*** Supplied records ***

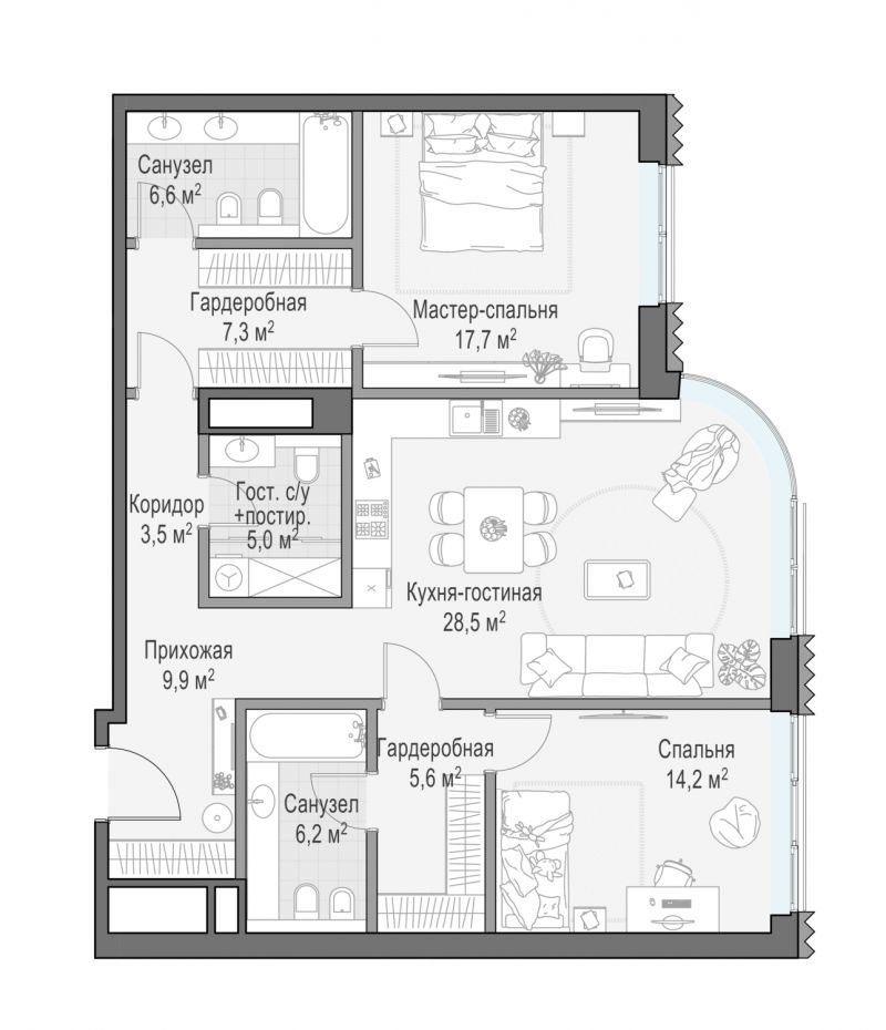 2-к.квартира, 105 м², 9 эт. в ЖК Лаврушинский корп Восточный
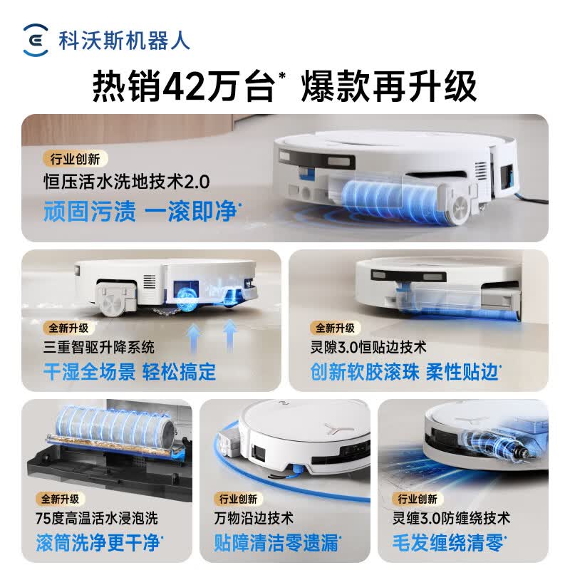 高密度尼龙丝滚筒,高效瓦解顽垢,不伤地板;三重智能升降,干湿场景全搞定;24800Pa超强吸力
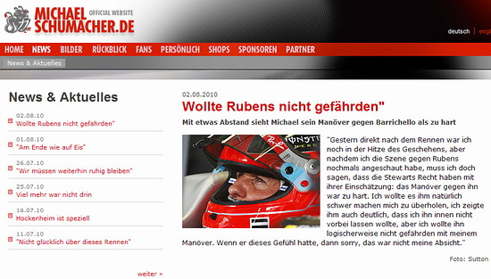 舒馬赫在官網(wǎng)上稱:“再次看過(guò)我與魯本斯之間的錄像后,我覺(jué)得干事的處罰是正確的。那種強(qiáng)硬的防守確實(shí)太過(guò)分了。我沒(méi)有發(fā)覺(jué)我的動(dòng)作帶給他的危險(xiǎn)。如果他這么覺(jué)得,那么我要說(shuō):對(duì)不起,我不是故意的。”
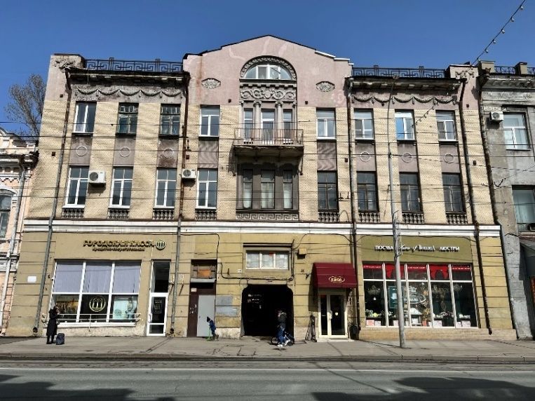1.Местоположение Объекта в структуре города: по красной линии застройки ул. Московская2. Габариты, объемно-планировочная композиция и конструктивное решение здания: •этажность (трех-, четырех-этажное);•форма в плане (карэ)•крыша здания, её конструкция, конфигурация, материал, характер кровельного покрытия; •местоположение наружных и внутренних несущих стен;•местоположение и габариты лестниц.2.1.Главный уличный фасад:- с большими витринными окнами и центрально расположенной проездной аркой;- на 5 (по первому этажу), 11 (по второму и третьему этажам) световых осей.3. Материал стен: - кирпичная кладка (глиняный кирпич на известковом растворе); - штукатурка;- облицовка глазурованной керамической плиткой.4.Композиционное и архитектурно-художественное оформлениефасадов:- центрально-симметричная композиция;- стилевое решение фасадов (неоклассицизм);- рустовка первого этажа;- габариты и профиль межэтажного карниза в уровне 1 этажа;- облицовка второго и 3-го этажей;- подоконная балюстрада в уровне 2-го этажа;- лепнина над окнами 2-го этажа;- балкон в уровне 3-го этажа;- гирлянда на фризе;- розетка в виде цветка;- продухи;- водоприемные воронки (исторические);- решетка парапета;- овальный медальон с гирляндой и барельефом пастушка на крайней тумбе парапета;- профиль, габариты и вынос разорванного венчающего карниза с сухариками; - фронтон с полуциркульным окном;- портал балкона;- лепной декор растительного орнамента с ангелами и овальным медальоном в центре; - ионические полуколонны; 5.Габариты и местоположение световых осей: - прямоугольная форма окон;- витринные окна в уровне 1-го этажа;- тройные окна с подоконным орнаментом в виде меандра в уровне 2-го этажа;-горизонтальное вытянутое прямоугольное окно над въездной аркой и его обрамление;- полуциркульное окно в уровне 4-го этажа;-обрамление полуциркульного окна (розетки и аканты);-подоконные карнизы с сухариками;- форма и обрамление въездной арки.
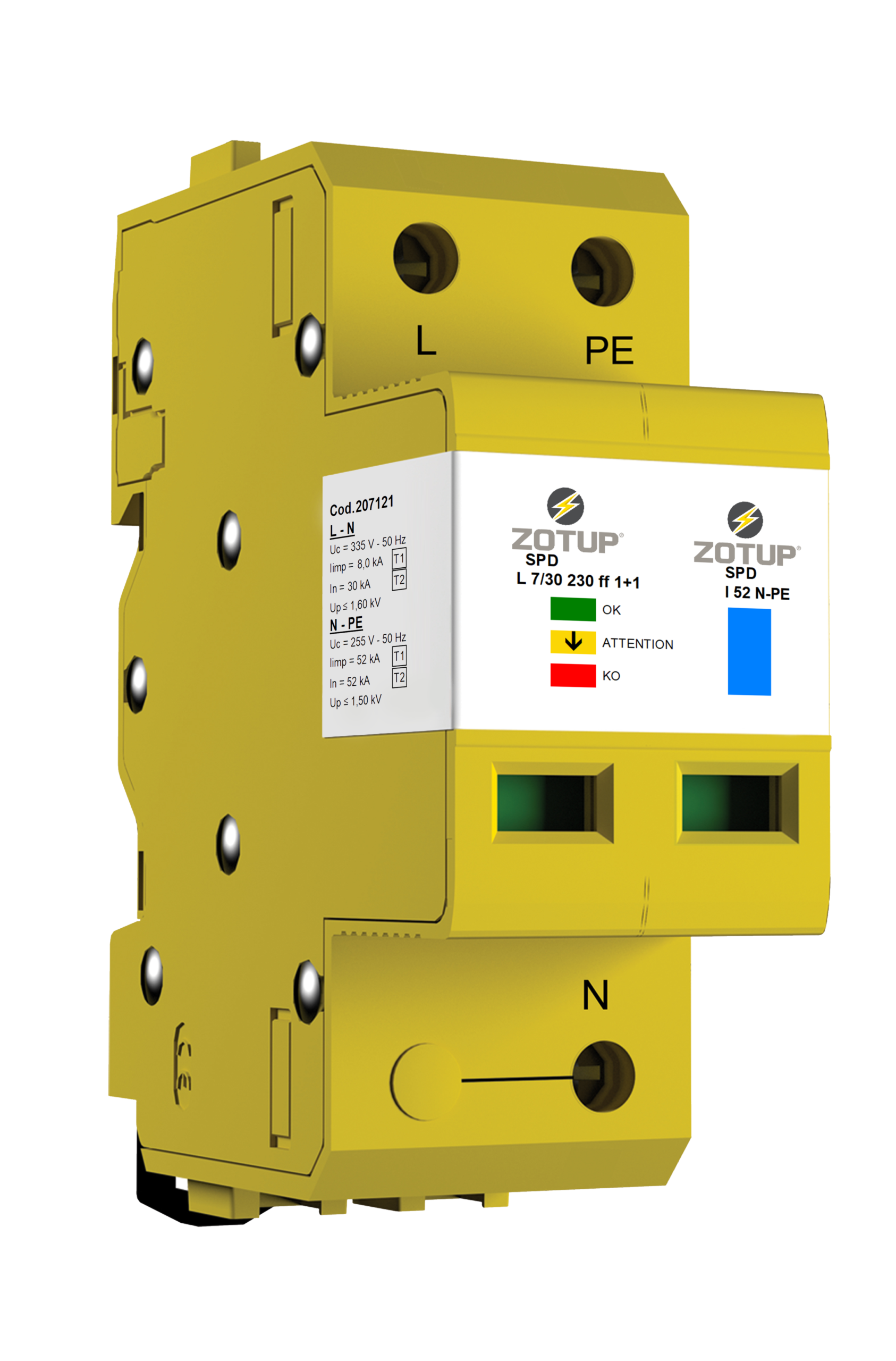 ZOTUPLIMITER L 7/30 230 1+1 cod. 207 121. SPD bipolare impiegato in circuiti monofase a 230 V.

***

What the task requires >>
Take the material above from its first line through the line that has "舒馬赫在官網(wǎng)上稱" and copy it exactly, without any pictures.

Written response >>
 2-к.квартира, 105 м², 9 эт. в ЖК Лаврушинский корп Восточный
 高密度尼龙丝滚筒,高效瓦解顽垢,不伤地板;三重智能升降,干湿场景全搞定;24800Pa超强吸力
 舒馬赫在官網(wǎng)上稱:“再次看過(guò)我與魯本斯之間的錄像后,我覺(jué)得干事的處罰是正確的。那種強(qiáng)硬的防守確實(shí)太過(guò)分了。我沒(méi)有發(fā)覺(jué)我的動(dòng)作帶給他的危險(xiǎn)。如果他這么覺(jué)得,那么我要說(shuō):對(duì)不起,我不是故意的。”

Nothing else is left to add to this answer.